Lord ELLENBOROUGH asked if it was charged in the affidavit that these words and insinuations had been practised for the purpose of alienating the affections of the wife from the husband, with the intent or expectation of having them transferred to the person complained of?
The affidavid being read, and seeming not to warrant such a charge,
Lord ELLENBOROUGH said, There must be some evidence of a malus animus. It must be proved, and not be allowed to hang in ambiguo. The gentleman complained of being, as appears, left with the charge of Mrs. S. from her mother, might have carried on the conversation in the book room alluded to, without any criminal intention; being afterwards convinced that he had spoken too freely, and wishing to soften the matter, he might have written the letter in question, not from any bad motive, but from the motive which he himself assigned. This rather goes to shew the integrity of his purpose, and his conduct at the husband's house confirms it. We are not entitled to grant a criminal information on doubtful grounds, more particularly as the common mode of trying the case by indictment is still open. (Morning Chronicle) (Similar reports in the Bury and Norwich Post for 21 Nov. 1804 and in the Norfolk Chronicle for 24 Nov. 1804 mention that Mr.
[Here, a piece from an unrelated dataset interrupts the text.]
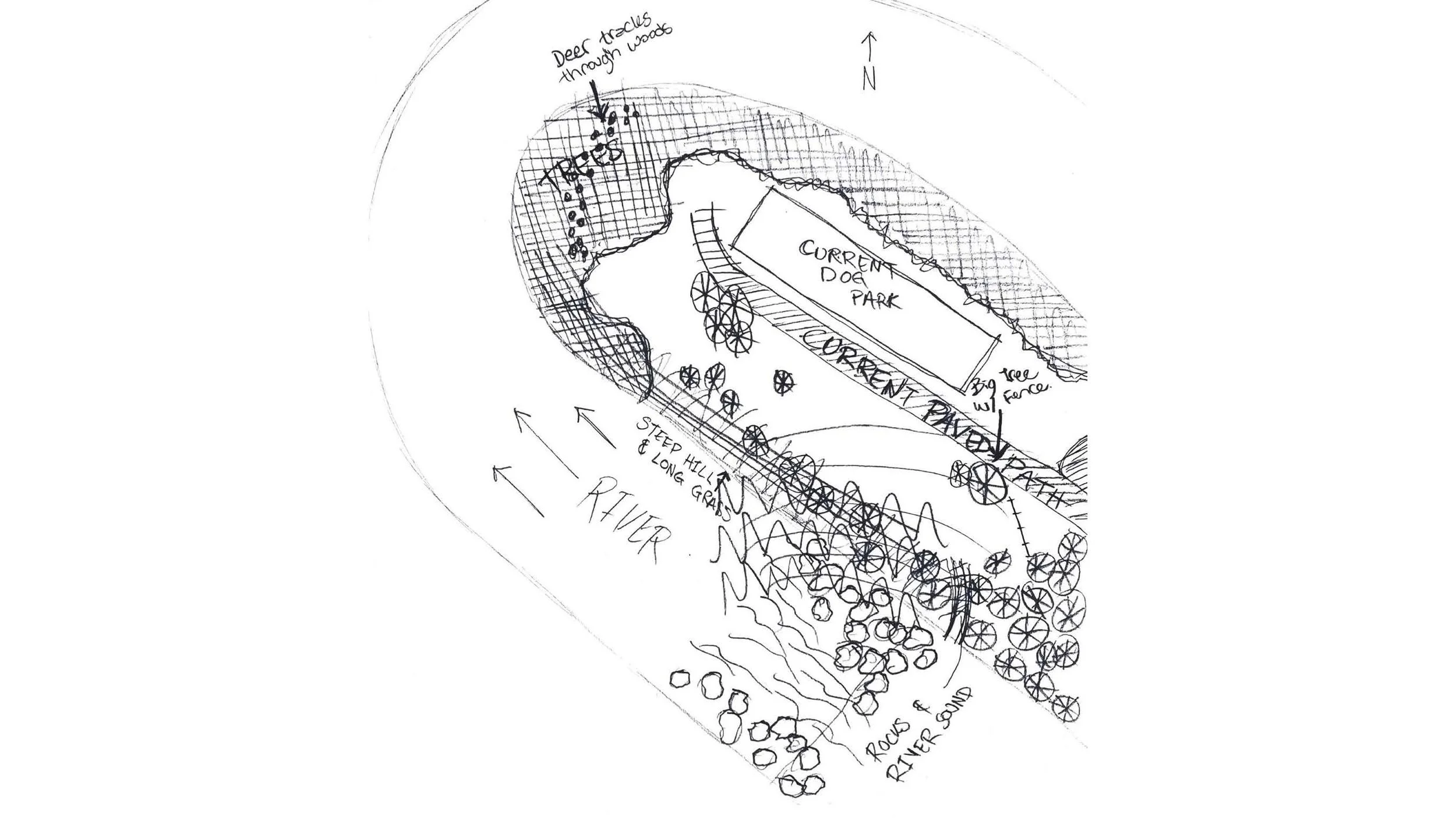 A sketch started during initial visit, along with observations made walking throughout the site.

S. "when in London, slept at Hatchett's hotel." A very short report in the Royal Cornwall Gazette for 24 Nov. 1804 identifies the clergyman as Reverend Mr. Buckworth Hearn, of Oxfordshire, and the aggrieved husband as Mr. Smith.)
SOURCE: Various newspapers, dates as given.
CITATION: If you cite this Web page, please use the following citation:
Rictor Norton (Ed.), "Newspaper Reports, 1804",
Homosexuality in Nineteenth-Century England: A Sourcebook, 20 April 2008; enlarged 20 October 2014
<http://rictornorton.co.uk/eighteen/1804news.htm>.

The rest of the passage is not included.